Step parenting has always been painted in a negative way, even in the fairy tale stories we used to listen when we were little, where the step parent used to hate and harm their step children, and often wanted them dead. But those were only stories very different from reality, where a step parent can be as loving and caring as a natural parent. If you are in the situation of forming a blended family, find out how to be a good step parent and gain the love of your step children.
Discuss with your partner
Remember that your partner is the natural parent of the child and they will have the final word regarding the child’s education. However, this does not mean you can not have rights and responsibilities, therefore, you should discuss with your partner about boundaries regarding your involvement in the child’s raising and education. Try not to take responsibilities that do not concern you, nor be disinterested, but find a way to balance things. Regularly communicate your partner the problems regarding the small one to avoid gathering resentments and never let those problems come between you as a couple.
Let the child assimilate the idea of having a step parent
The child needs time to assimilate the new situation and understand that from now on, you will be their parent. If you want to know how to be a good step parent, put yourself in the child’s position and think how hard it would be for you to understand that a new person will take one of your parent’s place in the house. It is very important to let the child know that you will only fill the place in the house and that you do not want to take their natural parents’ place in their hearts, but you are interested in getting your own place in there.

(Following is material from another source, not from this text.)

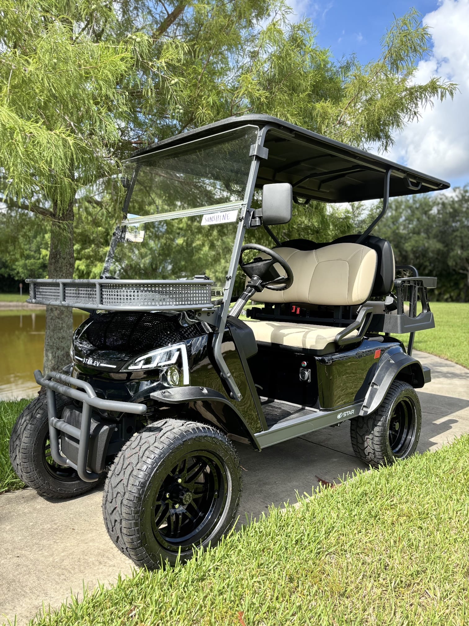 Experience unmatched performance and sleek design with the 2025 STAR EV J-Model Street Legal Golf Cart in bold black. Equipped with a powerful lithium battery and built for both comfort and road compliance, this premium cart is perfect for South Florida lifestyles. Available now at Sunshine Golf Car.

Make friends with the stepchild
A great step in learning how to be a good step parent is becoming a friend of the stepchild, creating a connection with them, letting them know you are not an enemy who wants to steal their natural parent. However, this does not mean you have to cover their mischief from your partner, as it will turn you into an accomplice rather than a friend, and you might create problems with your partner. Explain the child that your purpose is not to hide their mistakes, but to help them repair the wrong and to raise them well. Show your authority in a smooth way that will help the child see you as a good person, not the villain who is trying to make them fight with their natural parent. A great tip is to let the child call you by your name instead of forcing them to call you “mom” or “dad”, this way the child will feel closer to you.